LISTED ENTRIES below:

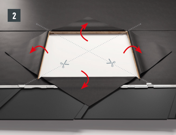 Afin de préparer l’abergement bas du raccordement de la fenêtre de toit, des demi-losanges de fin pour losanges de toiture 29 × 29 ou 44 × 44 doivent être posés. Ils permettent d’obtenir une agrafe d’accroche bien horizontale et un raccordement parfaitement protégé.
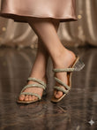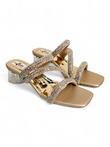 These gold triple-strap crystal sandals are designed to make you shine at every event. The clear block heel adds a modern touch while offering stability and comfort. Ideal for festive wear, weddings, and evening parties—these heels instantly elevate any outfit.
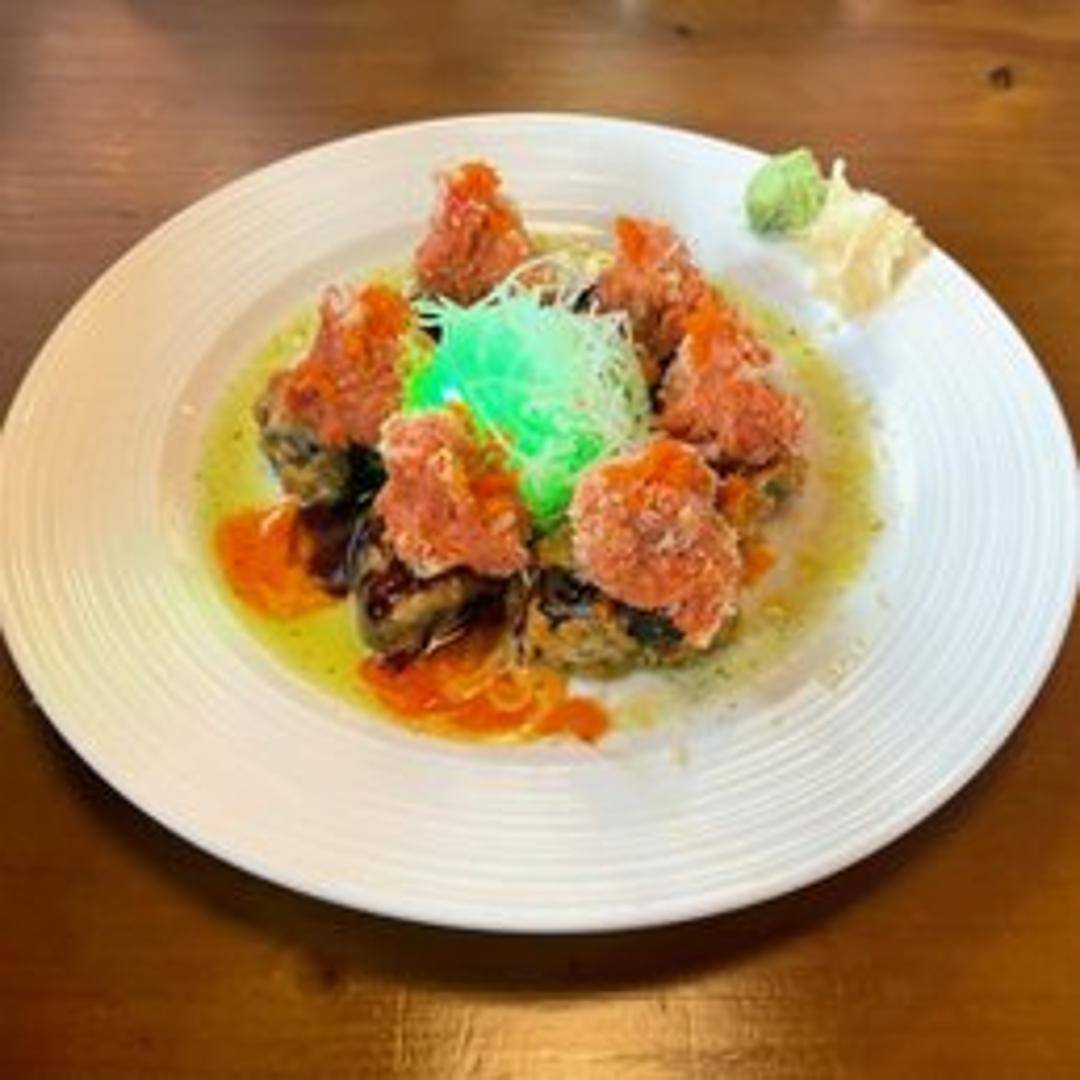 A fiery and flavorful sushi creation featuring a base of fresh seafood, crisp vegetables, and seasoned rice, generously topped with a rich, creamy, and often baked or seared spicy sauce that evokes the intense essence of a volcanic eruption.
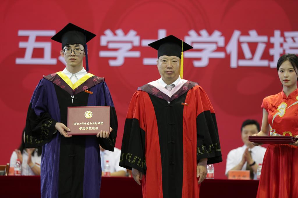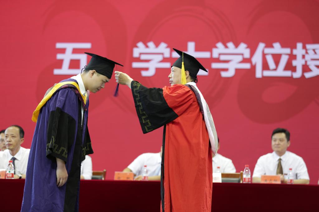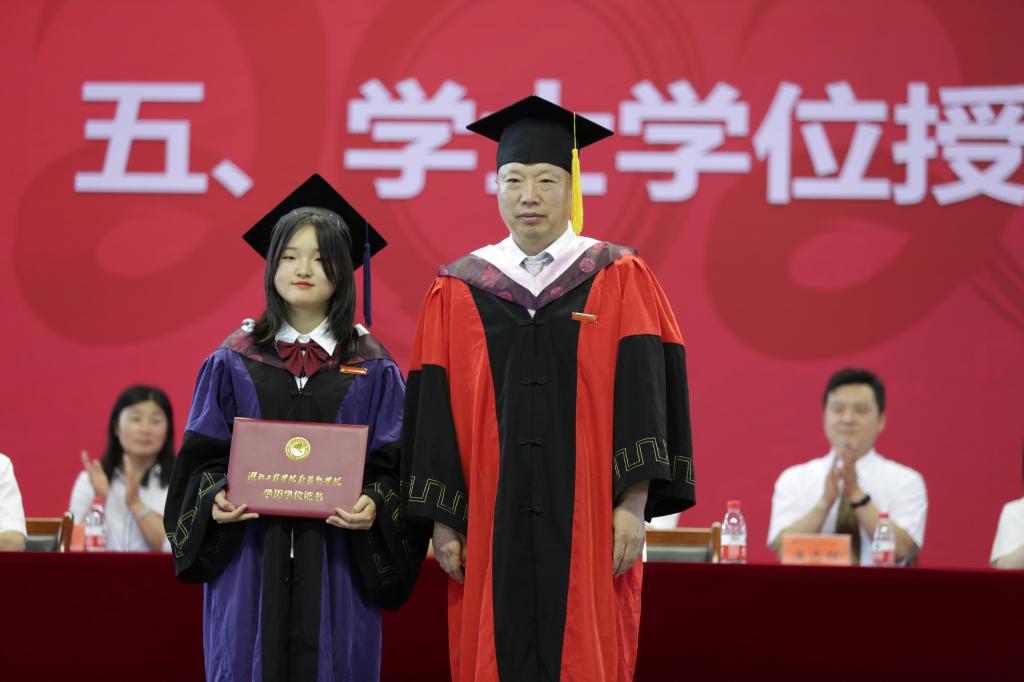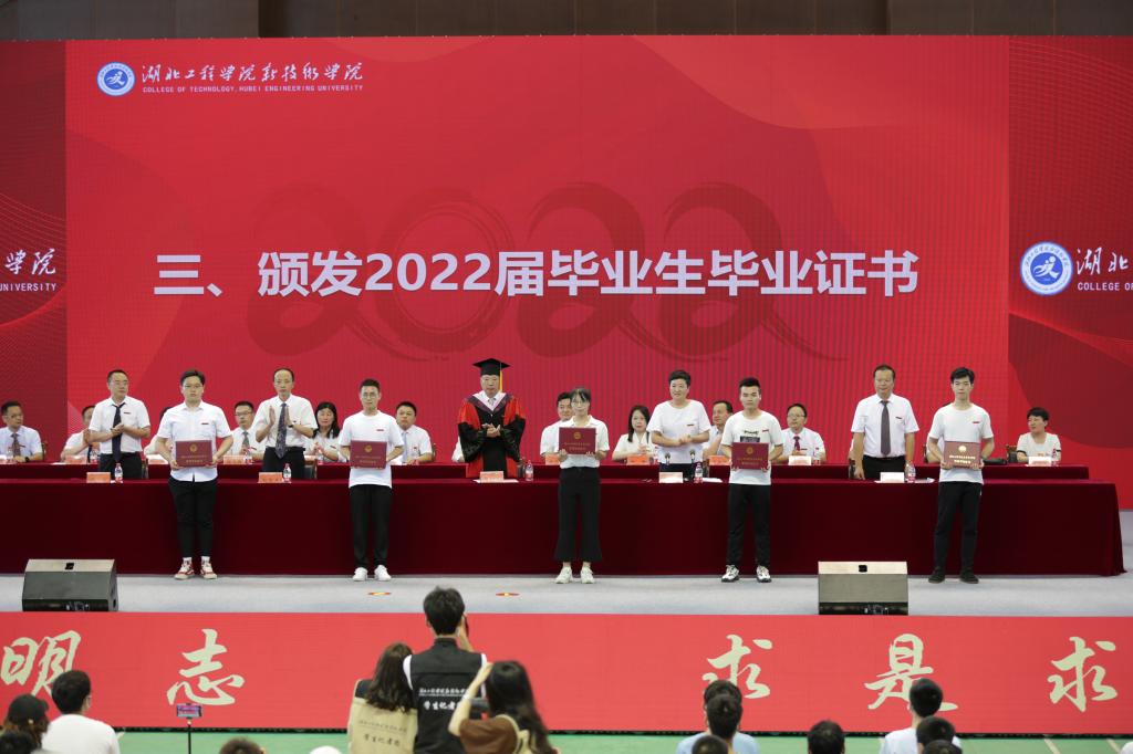 庄严的国歌,拉开了典礼的序章。党委副书记赵前进宣读《威廉希尔体育关于表彰2022届优秀毕业生的决定》,副经理陈友华宣读《关于授予2022届本科毕业生学士学位的决定》,并表示希望毕业生们在老师和同学们的共同见证下,满携母校的深深希冀和师长的无尽祝福,从此刻出发,踏上青春的赛道继续奋力奔跑。就座于主席台的领导为优秀毕业生代表颁发了毕业证书与荣誉证书。经理、学士学位评定委员会主任李明清教授为获得学士学位的毕业生代表进行拨穗,并颁发学位证书。
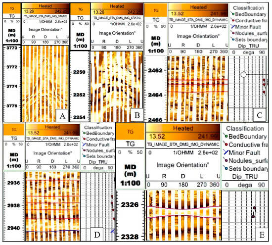 Characterization of various fractures using imaging logging. (A) High-resistance fractures; (B) high-conductivity fractures; (C) induced fractures; (D) small fault; (E) nodules.
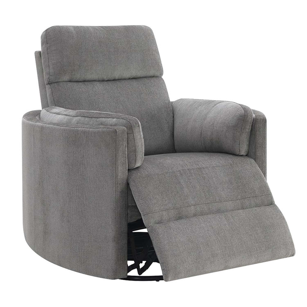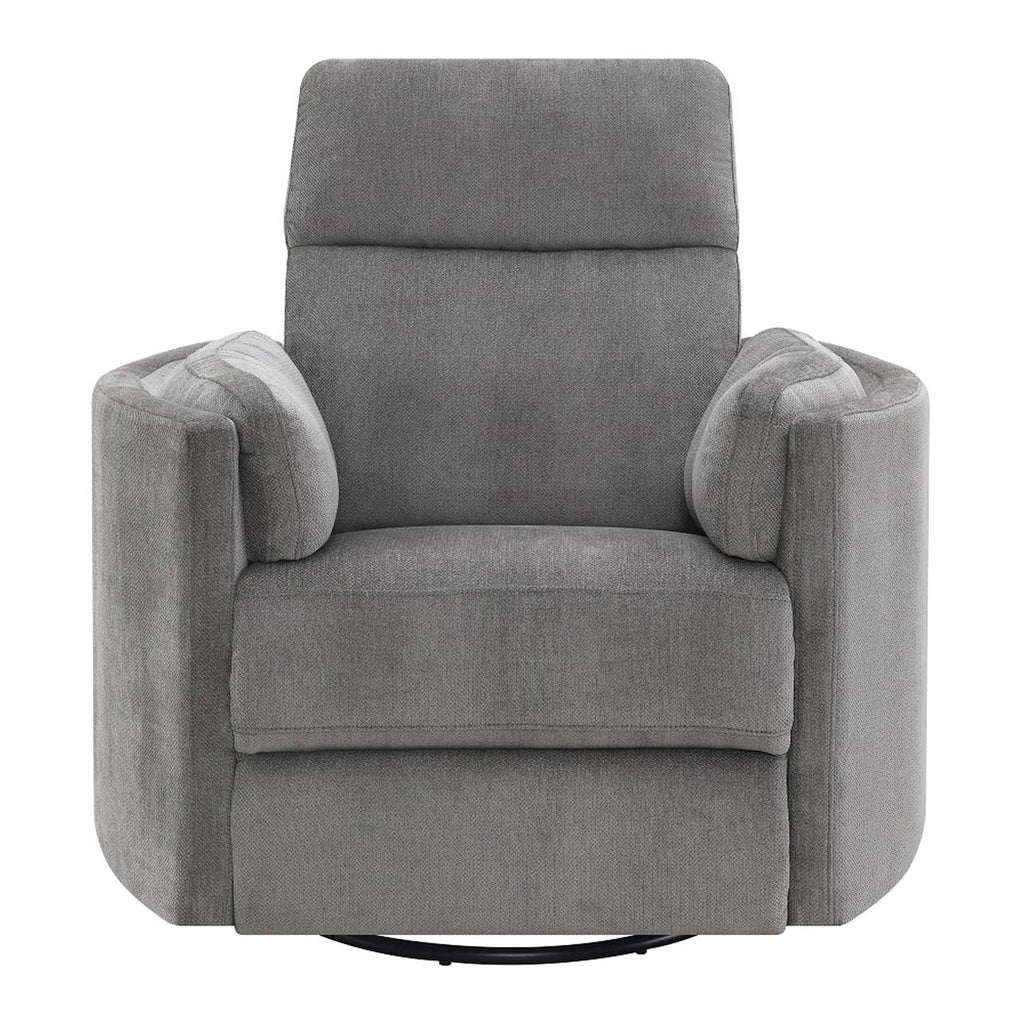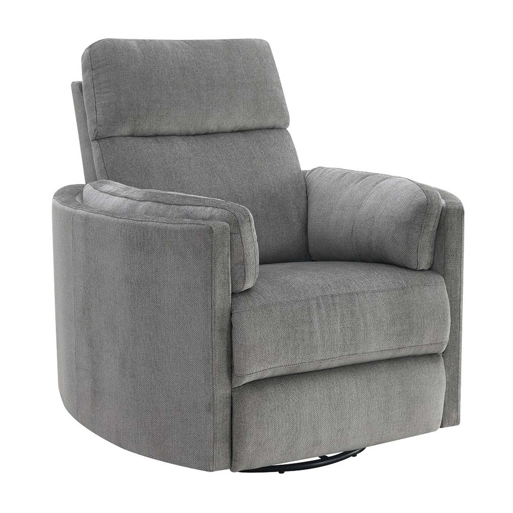 If you are looking for a trendy glider recliner chair with a swivel function, then look no further. This Sagen charcoal chenille recliner is both endearing and charming and will bring a warm and cozy feel to your living room or office space. Controlled by your body weight, you can fully recline your seating position, allowing you to lay back, relax, and unwind after a busy day. Pair this recliner with modern artwork, house plants, and a classic rug and you'll have a room so on-trend and appealing you will never want to leave.

End of LISTED ENTRIES.

*TO DO*.
Only the pictures are to be left out; write out all the other data exactly.

*RESPONSE FOR THIS EXERCISE*.
 Afin de préparer l’abergement bas du raccordement de la fenêtre de toit, des demi-losanges de fin pour losanges de toiture 29 × 29 ou 44 × 44 doivent être posés. Ils permettent d’obtenir une agrafe d’accroche bien horizontale et un raccordement parfaitement protégé.
 These gold triple-strap crystal sandals are designed to make you shine at every event. The clear block heel adds a modern touch while offering stability and comfort. Ideal for festive wear, weddings, and evening parties—these heels instantly elevate any outfit.
 A fiery and flavorful sushi creation featuring a base of fresh seafood, crisp vegetables, and seasoned rice, generously topped with a rich, creamy, and often baked or seared spicy sauce that evokes the intense essence of a volcanic eruption.
 庄严的国歌,拉开了典礼的序章。党委副书记赵前进宣读《威廉希尔体育关于表彰2022届优秀毕业生的决定》,副经理陈友华宣读《关于授予2022届本科毕业生学士学位的决定》,并表示希望毕业生们在老师和同学们的共同见证下,满携母校的深深希冀和师长的无尽祝福,从此刻出发,踏上青春的赛道继续奋力奔跑。就座于主席台的领导为优秀毕业生代表颁发了毕业证书与荣誉证书。经理、学士学位评定委员会主任李明清教授为获得学士学位的毕业生代表进行拨穗,并颁发学位证书。
 Characterization of various fractures using imaging logging. (A) High-resistance fractures; (B) high-conductivity fractures; (C) induced fractures; (D) small fault; (E) nodules.
 If you are looking for a trendy glider recliner chair with a swivel function, then look no further. This Sagen charcoal chenille recliner is both endearing and charming and will bring a warm and cozy feel to your living room or office space. Controlled by your body weight, you can fully recline your seating position, allowing you to lay back, relax, and unwind after a busy day. Pair this recliner with modern artwork, house plants, and a classic rug and you'll have a room so on-trend and appealing you will never want to leave.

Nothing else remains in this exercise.